▶ _Required work_:
Copy, word for word, the lines below from the one containing "胸元からウエストにかけて贅沢" up to and including the one containing "늘벗골이야기 > 복지관소식 - 비대면 학습지 심심풀이 땅콩책 맛보기 운영", with pictures left out.

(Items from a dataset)
--------------------------------

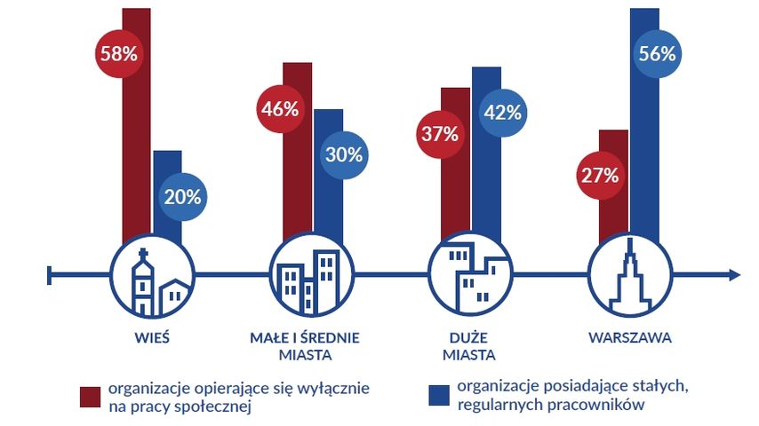Niemal połowa (45%) polskich stowarzyszeń i fundacji opiera się wyłącznie na pracy społecznej. Jedynie z niej korzystają przede wszystkim organizacje działające na wsi. W ten sposób funkcjonuje 58% z nich.
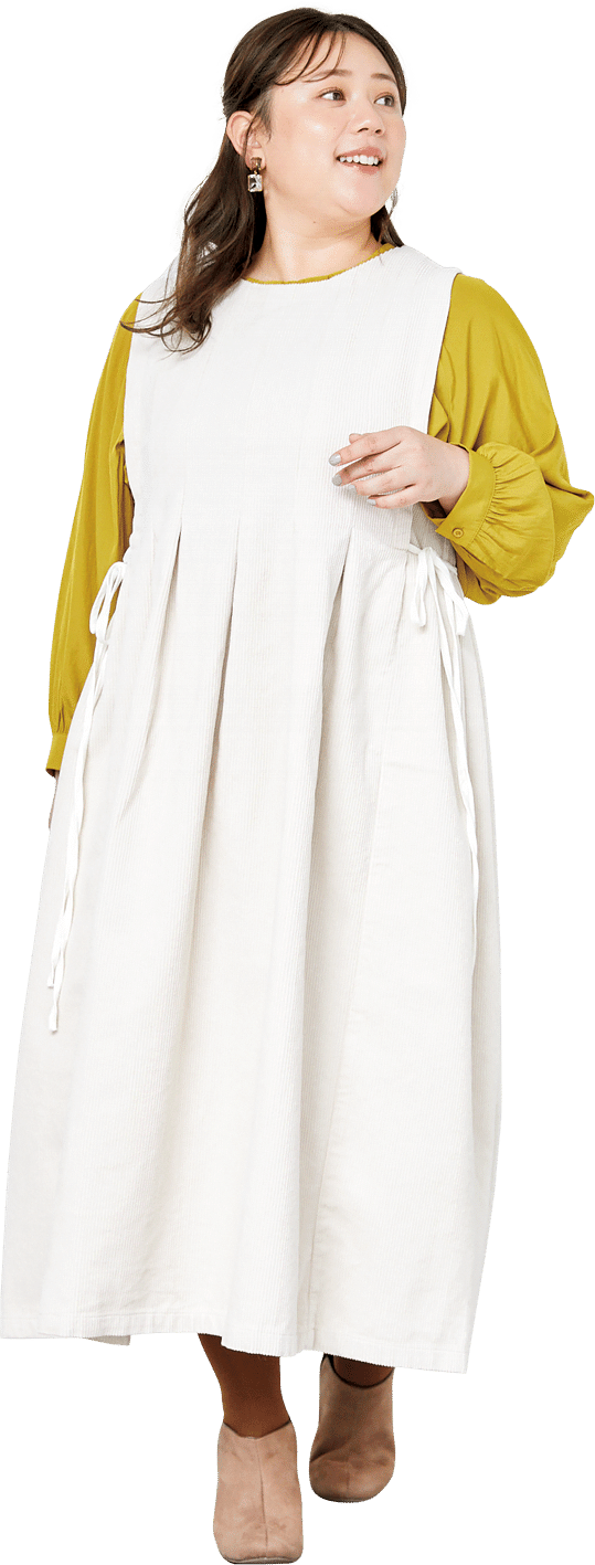 胸元からウエストにかけて贅沢にとったタックで、品よくスッキリ。両サイドのリボンがウエストマークのアクセントに。季節感のあるコーデュロイの素材も、分厚過ぎず、着膨れしにくいところもうれしいポイント。
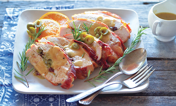 - When gravy is done, remove from heat and drizzle over sliced turkey breast. Garnish with remaining green olives and orange slices. Serve warm.
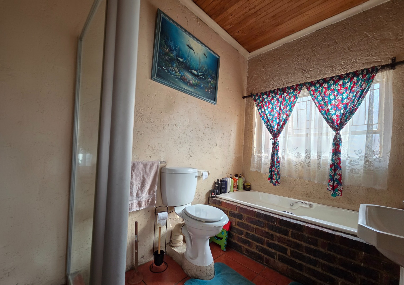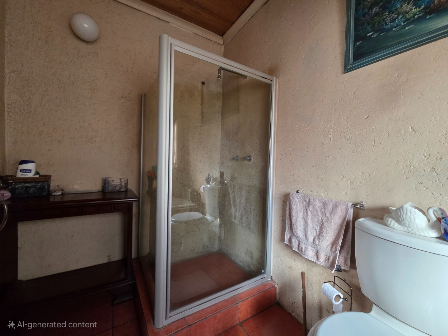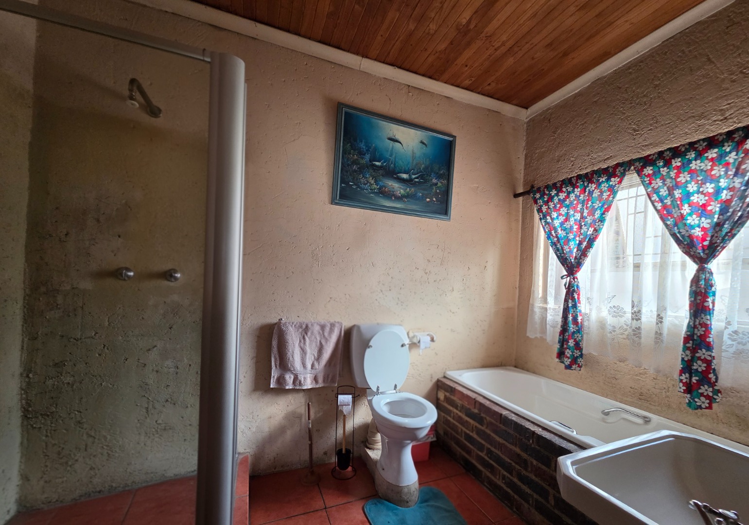 The main house features four spacious bedrooms. The main bedroom boasts a private en-suite bathroom, while two additional bedrooms share a convenient en-suite bathroom positioned between them. A guest toilet adds extra comfort for visitors.
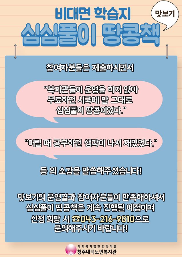 늘벗골이야기 > 복지관소식 - 비대면 학습지 심심풀이 땅콩책 맛보기 운영
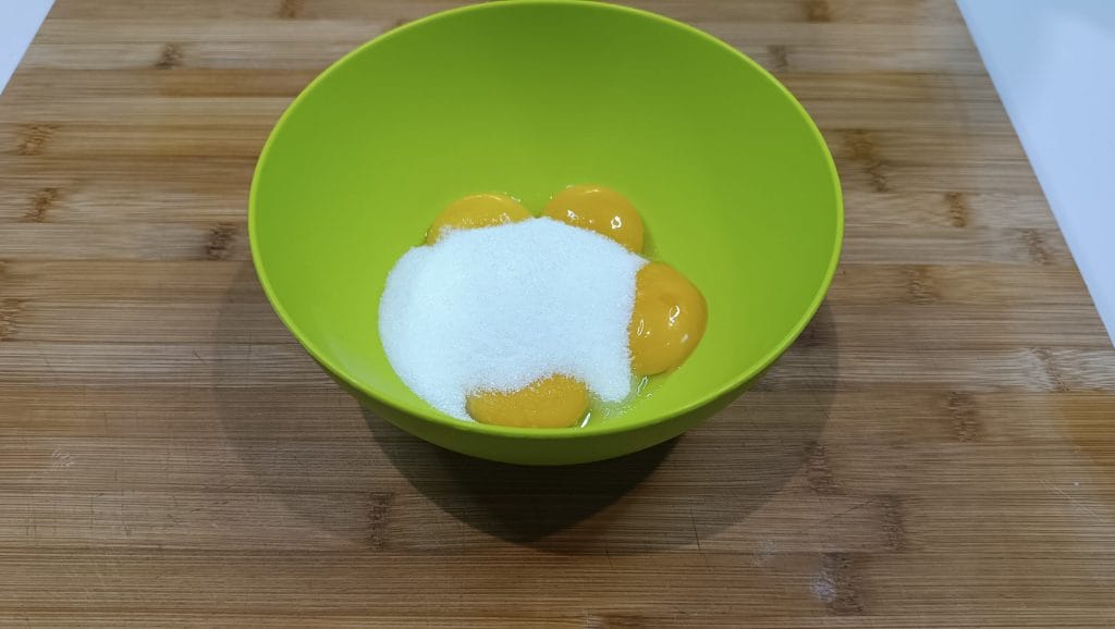 • In der Zwischenzeit die Creme vorbereiten, indem man Zucker zu den Eigelben hinzufügt
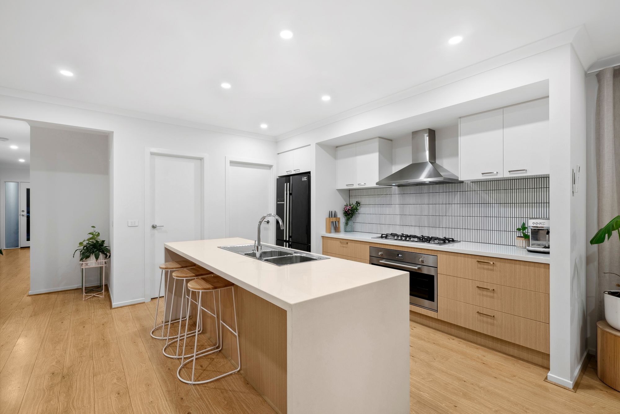 Featuring raised ceilings, double glazing and a thoughtfully upgraded kitchen and bathrooms, this home is a true standout that must be seen in person. The heart of the home showcases a stunning kitchen with a 40mm stone island waterfall benchtop, pot drawers, a walk-in pantry. Flow effortlessly from the kitchen into the living area and dedicated dining space, bathed in natural light. Enjoy seamless indoor-outdoor living with sliding stacker doors that open to an undercover alfresco with extended deck and gardens—ideal for year-round entertaining. A spacious second living room offers flexibility as a theatre, playroom, or private retreat, catering to all your family needs.
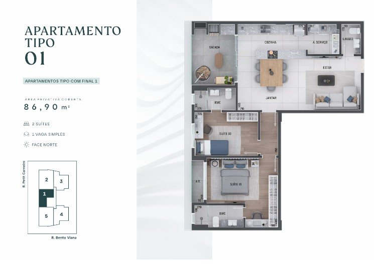 - Área Total: 86,90 m² (R$ 15.201/m²)
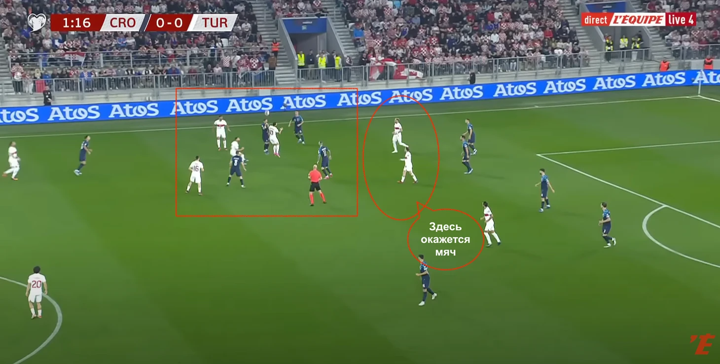 Любопытна и тактическая гибкость Хорватии, которая иногда выстраивается в линию из шести защитников. Мы это часто видели на ЧМ в матче с Бельгией и Бразилией, но вообще это регулярная практика.
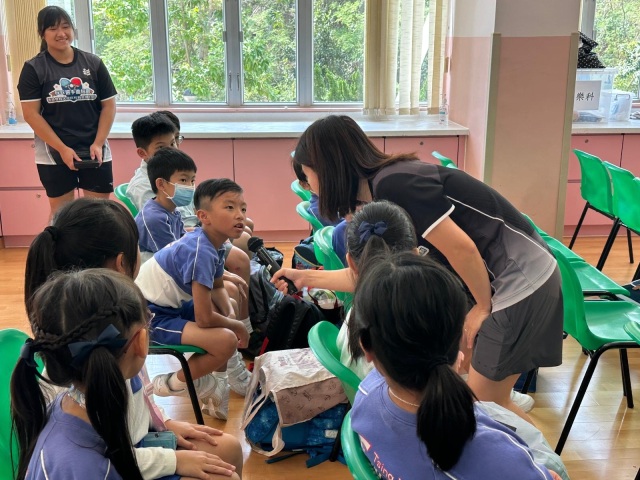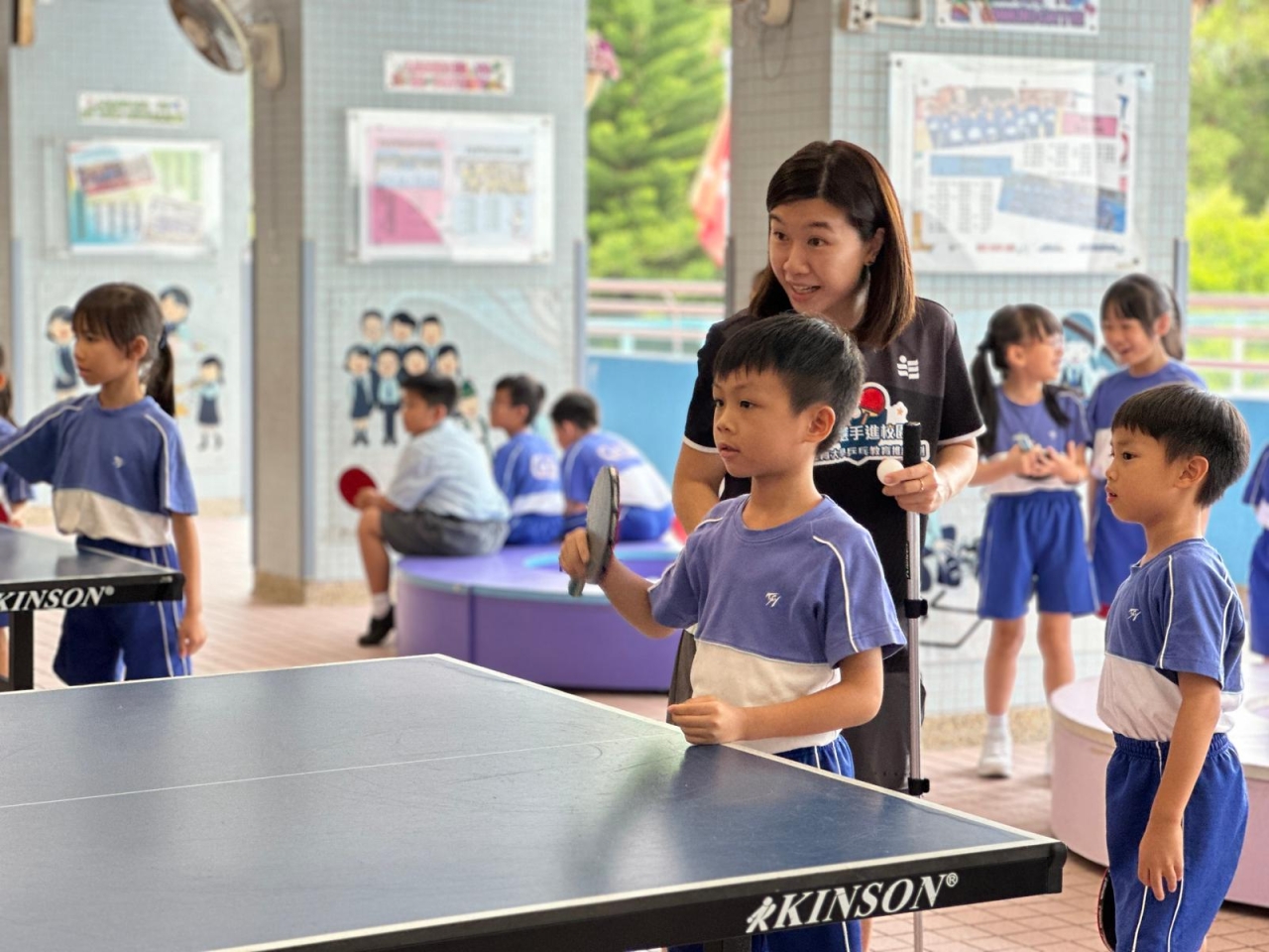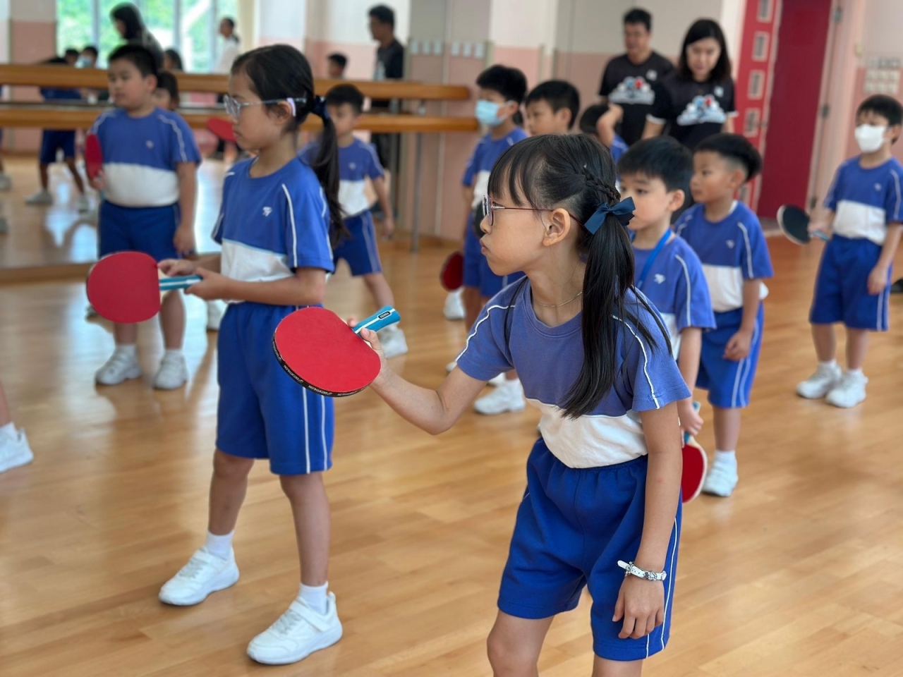 當天的體驗課中,李皓晴分享了自小接觸乒乓球運動的趣事。她與團隊亦親授本校30名一至三年級學生乒乓球基礎技巧,包括握拍姿勢、正手及反手接球技巧。教練團隊專業認真,學生們反應熱烈,表現主動投入,認真地學習乒乓球技巧,感受打乒乓球的樂趣。
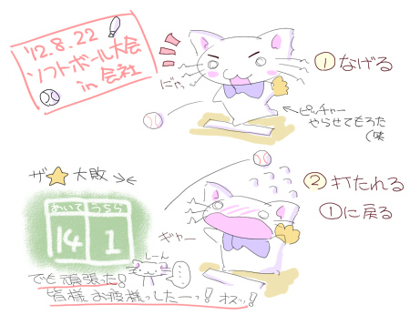 突然ソフトボール大会に誘われて出場してきました。 ・・・よっぽどヒマしてそうに思われたのかな? 結果は、えっと・・・お、惜しくも・・・大敗(T△T) あーーーーっうーーっ。 遊びで負ける時ほど、悔しいことって無いと思います。 遊びは真剣ですよっ!! 勉強とか仕事は・・・ゴニョゴニョ・・・。
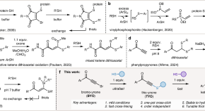 The direct cross-coupling of two thiols is an attractive biomimetic concept for click chemistry, but leads to statistical mixtures of homo- and heterodimers. Here, the authors introduce a class of thiol-click reagents, bromo-ynones, where the kinetic differentiation between the first and second thiol addition onto these reagents facilitates a stepwise one-pot “cross-clicking” of two distinct thiols in aqueous media, without the need for intermediate isolation or purification.
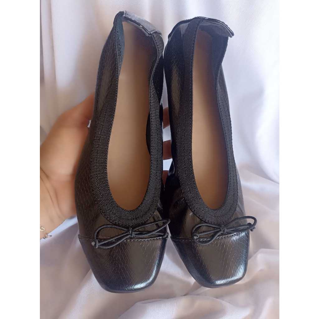 Sapatilha de Bolsa Bico Quadrado Cobra Preto
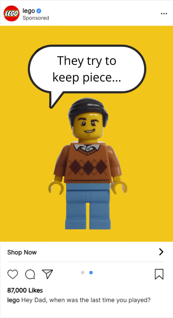 The final outcome was a playful campaign that used dad jokes as a narrative device, visually reinforced through LEGO builds, punchy typography, and a bright, digital-first storytelling.

--------------------------------

▶ _Output_:
 胸元からウエストにかけて贅沢にとったタックで、品よくスッキリ。両サイドのリボンがウエストマークのアクセントに。季節感のあるコーデュロイの素材も、分厚過ぎず、着膨れしにくいところもうれしいポイント。
 - When gravy is done, remove from heat and drizzle over sliced turkey breast. Garnish with remaining green olives and orange slices. Serve warm.
 The main house features four spacious bedrooms. The main bedroom boasts a private en-suite bathroom, while two additional bedrooms share a convenient en-suite bathroom positioned between them. A guest toilet adds extra comfort for visitors.
 늘벗골이야기 > 복지관소식 - 비대면 학습지 심심풀이 땅콩책 맛보기 운영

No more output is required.